Work instructions: When you reach the line with "Natürliche Holzoptik mit", transcribe it and each line after it through the last one below, exactly. Pictures stay out.

Records for this exercise:
====

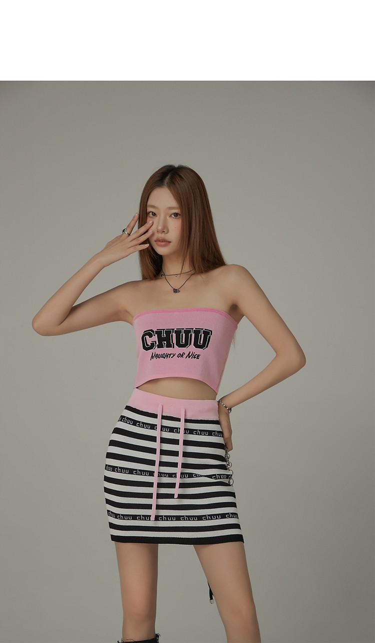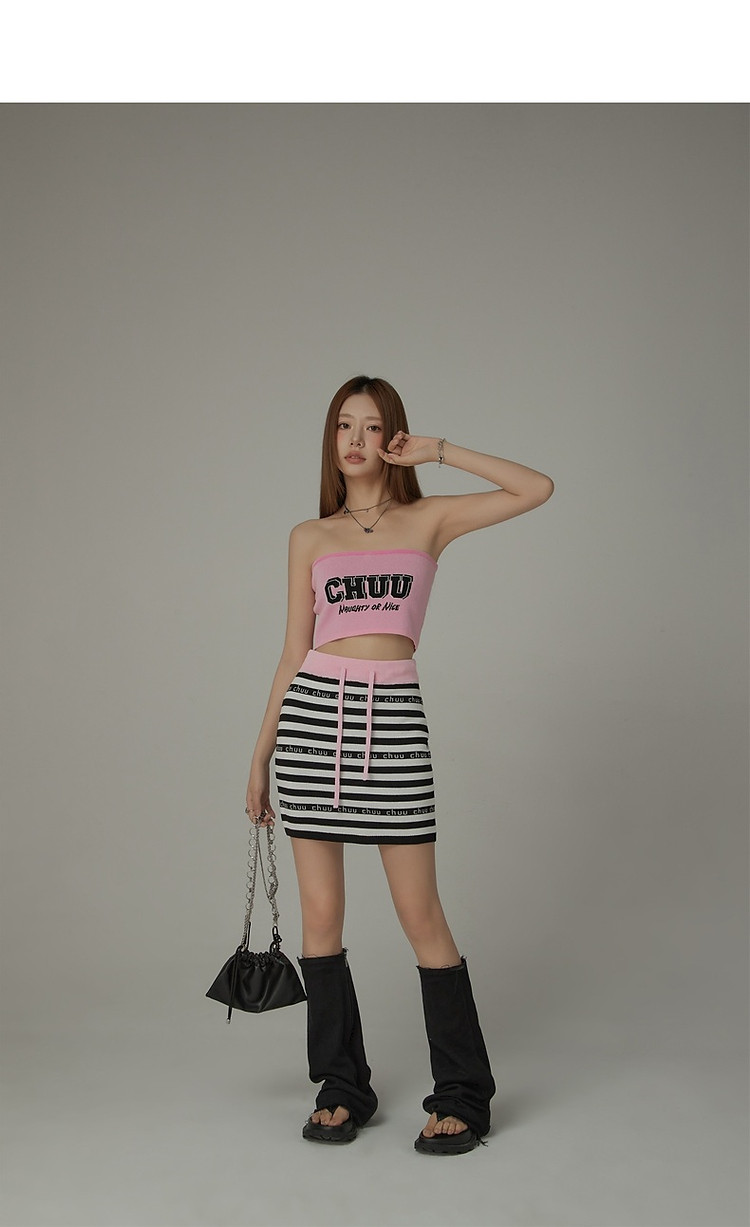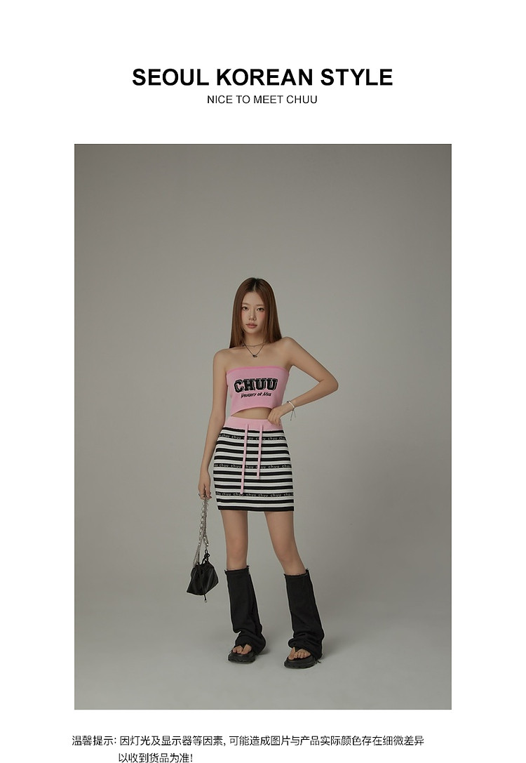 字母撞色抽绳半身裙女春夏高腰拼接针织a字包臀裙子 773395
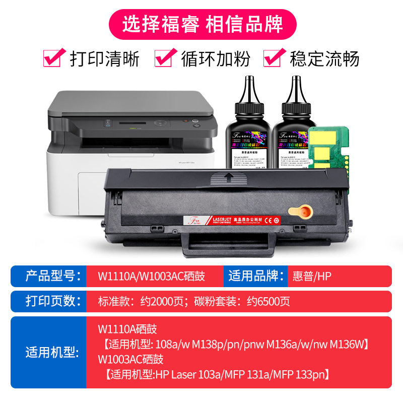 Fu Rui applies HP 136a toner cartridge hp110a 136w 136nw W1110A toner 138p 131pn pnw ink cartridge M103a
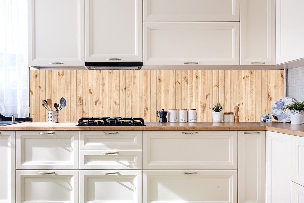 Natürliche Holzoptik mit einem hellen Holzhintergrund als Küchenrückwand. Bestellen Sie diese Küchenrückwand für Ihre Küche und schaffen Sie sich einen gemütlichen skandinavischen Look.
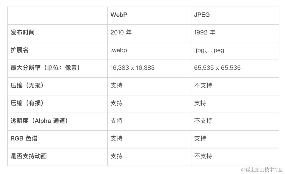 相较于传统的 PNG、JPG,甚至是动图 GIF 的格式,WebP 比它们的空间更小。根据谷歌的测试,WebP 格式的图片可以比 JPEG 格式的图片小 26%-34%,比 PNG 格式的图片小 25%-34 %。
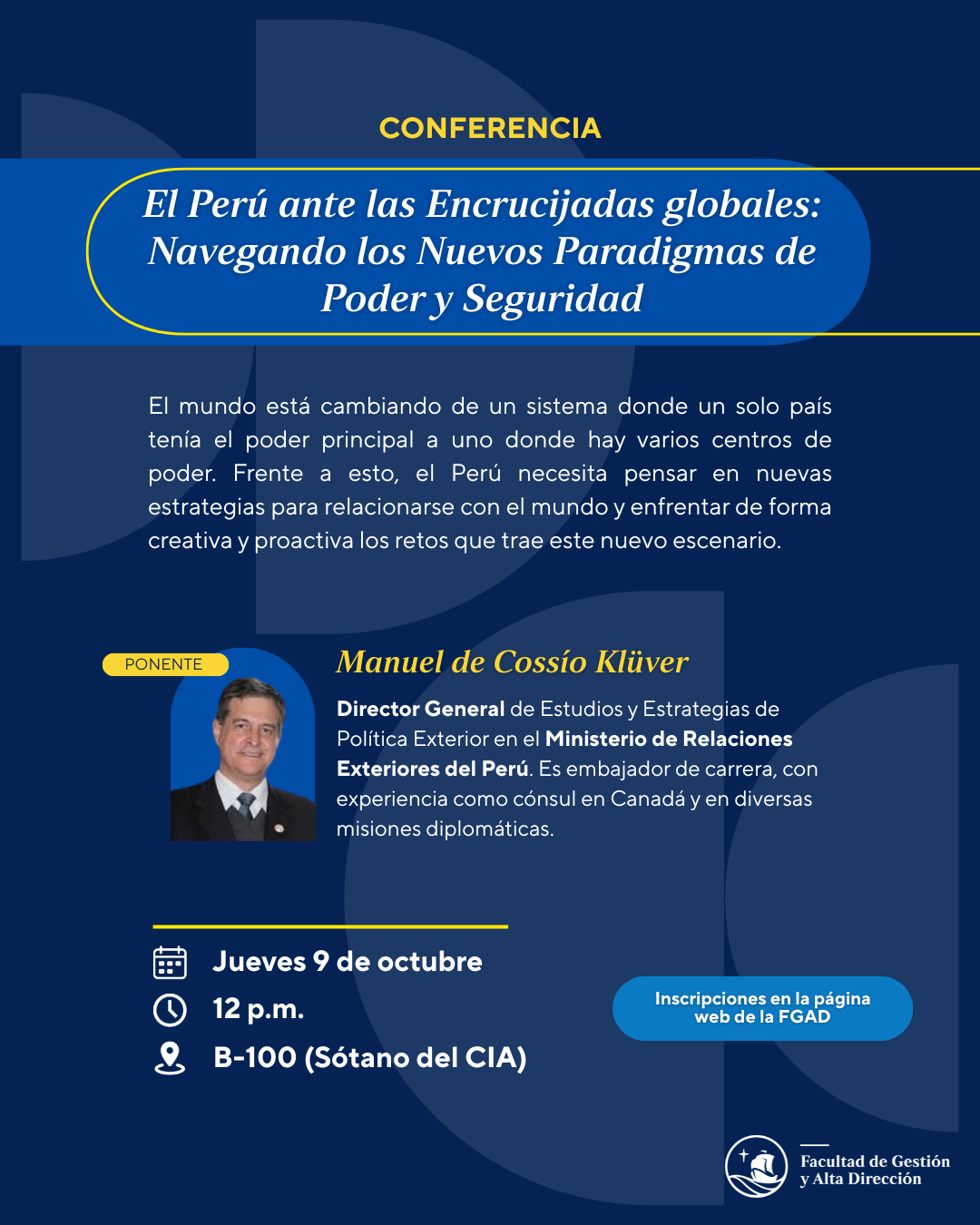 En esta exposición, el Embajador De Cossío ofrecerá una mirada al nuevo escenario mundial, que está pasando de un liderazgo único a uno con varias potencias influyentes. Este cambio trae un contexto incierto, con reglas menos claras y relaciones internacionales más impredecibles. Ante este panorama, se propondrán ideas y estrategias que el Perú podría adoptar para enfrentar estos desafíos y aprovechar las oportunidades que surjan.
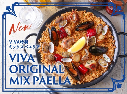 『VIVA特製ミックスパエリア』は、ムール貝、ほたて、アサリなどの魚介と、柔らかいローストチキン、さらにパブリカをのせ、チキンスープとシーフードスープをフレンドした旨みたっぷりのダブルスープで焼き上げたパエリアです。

====

Written response:
 Natürliche Holzoptik mit einem hellen Holzhintergrund als Küchenrückwand. Bestellen Sie diese Küchenrückwand für Ihre Küche und schaffen Sie sich einen gemütlichen skandinavischen Look.
 相较于传统的 PNG、JPG,甚至是动图 GIF 的格式,WebP 比它们的空间更小。根据谷歌的测试,WebP 格式的图片可以比 JPEG 格式的图片小 26%-34%,比 PNG 格式的图片小 25%-34 %。
 En esta exposición, el Embajador De Cossío ofrecerá una mirada al nuevo escenario mundial, que está pasando de un liderazgo único a uno con varias potencias influyentes. Este cambio trae un contexto incierto, con reglas menos claras y relaciones internacionales más impredecibles. Ante este panorama, se propondrán ideas y estrategias que el Perú podría adoptar para enfrentar estos desafíos y aprovechar las oportunidades que surjan.
 『VIVA特製ミックスパエリア』は、ムール貝、ほたて、アサリなどの魚介と、柔らかいローストチキン、さらにパブリカをのせ、チキンスープとシーフードスープをフレンドした旨みたっぷりのダブルスープで焼き上げたパエリアです。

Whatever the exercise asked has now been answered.